Средняя заработная плата рабочих в России была самой высокой в Европе и второй в мире (после США). По воспоминаниям Н. С. Хрущева, он даже в должности секретаря Московского горкома партии получал меньше и имел меньше благ, чем в бытность простым рабочим до революции. Ведущие предприниматели заботились не только о бытовых условиях и оплате, но и о культурном развитии своих работников, устраивали школы, поездки в театры, музеи, концерты знаменитостей. Об условиях труда красноречиво говорит тот факт, что большинство фабрик и заводов, выстроенных до революции, без существенной реконструкции проработали вплоть до конца XX века.
Конечно, существовали и проблемы. Например, в европейских губерниях России очень остро стоял земельный вопрос. Крестьянам не хватало земли, они мечтали (и всячески старались) увеличить наделы. Но даже сама эта проблема говорила о многом. Русская деревня была перенаселенной, а не запустелой и заброшенной! А жители были умелыми и трудолюбивыми, готовы были вложить в работу еще большие усилия. Им предоставили такую возможность, Николай II и премьер-министр Столыпин начали масштабную переселенческую кампанию. 3 млн. крестьян, получая значительную поддержку от казны, смогли переехать и осваивать безграничные просторы Сибири, Алтая, Казахстана, Дальнего Востока (скажем, в Забайкалье бедняцкими считались хозяйства в 15 голов крупного скота плюс 30 овец. А богатыми считались люди с тысячными стадами и десятитысячными отарами).
Столыпин провел и аграрные реформы. Раньше земля принадлежала общине, подлежала периодическим переделам. По жребию хороший участок мог достаться пьянице, а рачительному хозяину – участок, вчера принадлежавший пьянице, заросший бурьяном. Теперь желающие имели право отделиться от общины, взять землю в постоянное пользование, получить ссуды для развития частного хозяйства.
Население России достигло 160 млн. человек и быстро росло. Рождаемость была очень высокой – 45,5 детей на 1000 жителей в год. И не за счет инородцев, а за счет русских. Иметь 5, б, 8 детей в крестьянских семьях было обычным делом. По подсчетам Менделеева, во второй половине XX в. численность жителей России должна была перевалить за 600 млн. 30 % детей получали среднее образование – заканчивали гимназии, реальные училища, земские школы. Почти все деревенские мальчики и девочки ходили в церковно-приходские школы, обучались закону Божию, чтению и письму. А в 1912 г. был принят закон о всеобщем начальном образовании.

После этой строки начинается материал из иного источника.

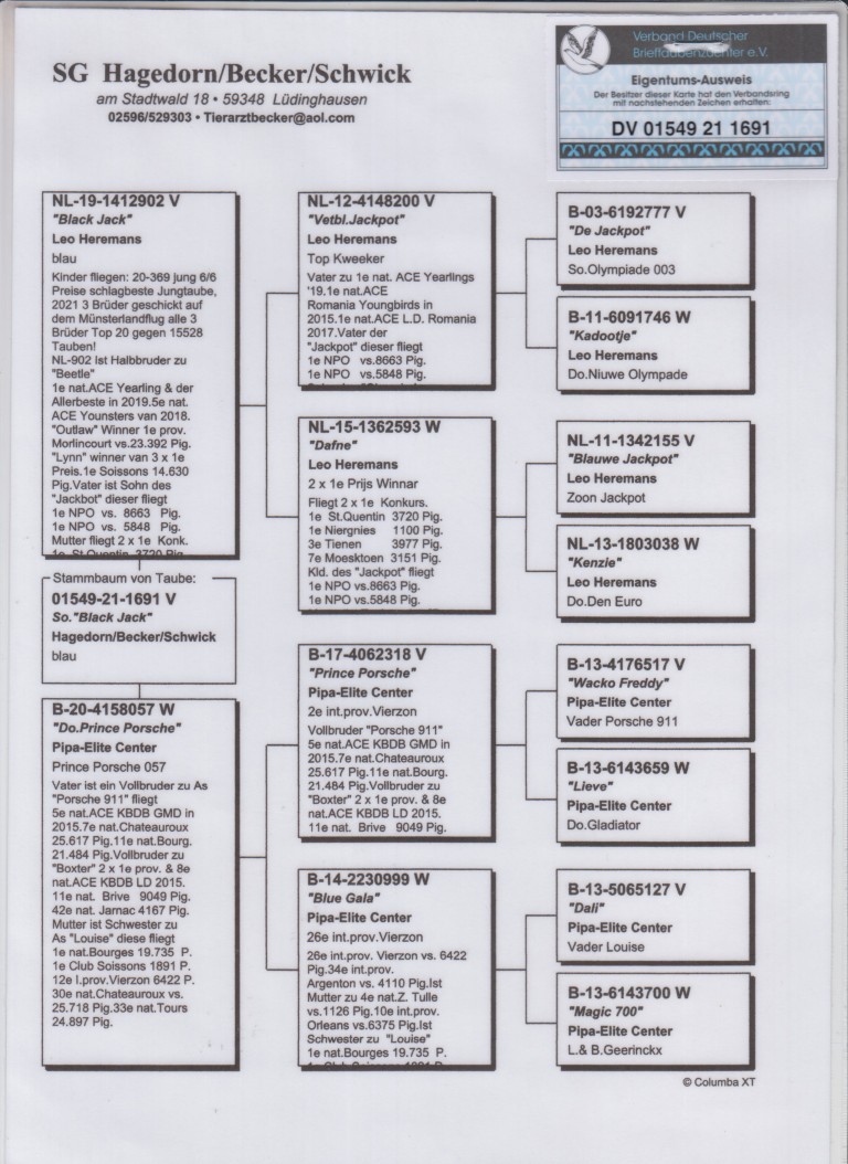 Uit: ”Black Jack”, 100% Leo Heremans & Superkweker, zoon ”Vetblauwe Jackpot”, Unieke kweker bij Eijerkamp x ”Do. Prince Porsche”, dochter ”Prince Porsche”, OLR Wonderkweker PEC & zoon ”Wacko Freddy” & ”Lieve”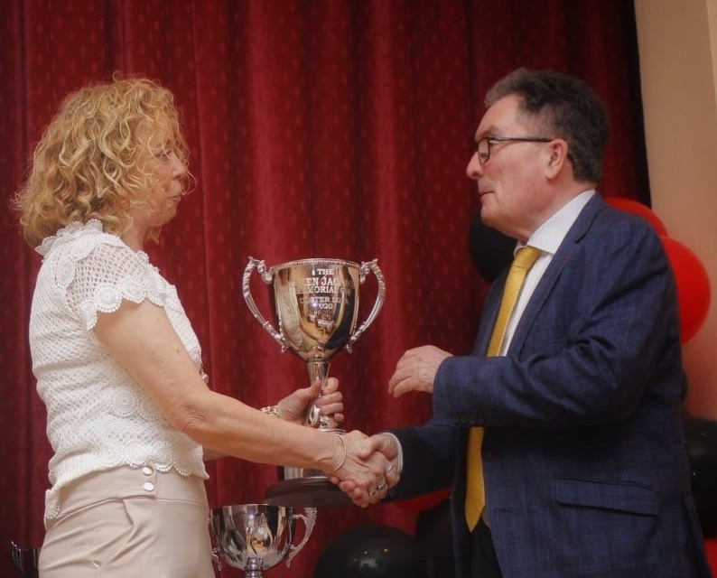 LEGACY…Veron Jackson presents the Ulster u-20 Cup, named after her daughter Karen, to Ulster LGFA President gerry Doherty. Photo; St Finbarr’s LGFA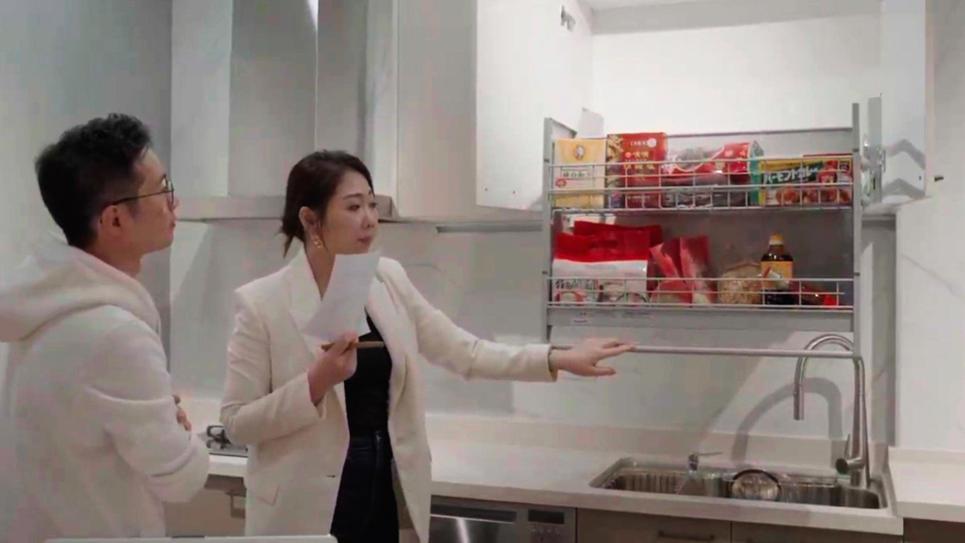 設計總監吳孟娟與屋主兒子說明安裝可下拉式置物櫃 (圖/業者提供)

Аппарат управления страны, о котором мы привыкли судить лишь по гипертрофированным карикатурам сатириков, был куда более отлажен и действовал куда эффективнее современного. На всю Россию насчитывалось около 250 тыс. государственных чиновников – вдесятеро меньше, чем при советской власти, не говоря уж о сегодняшних управленческих штатах. И при этом четко обеспечивал все функции жизнедеятельности государства. Еще сохранялось деление на сословия, но границы между ними стали уже очень зыбкими. Личное дворянство автоматически приобреталось с высшим образованием, награждением первым орденом, выслугой в первый офицерский или гражданский чин. А для получения потомственного дворянства достаточно было профессорского звания, чина полковника или, соответственно, более высоких орденских и гражданских степеней. Но преимуществ это уже не давало ни малейших, превратилось в формальность.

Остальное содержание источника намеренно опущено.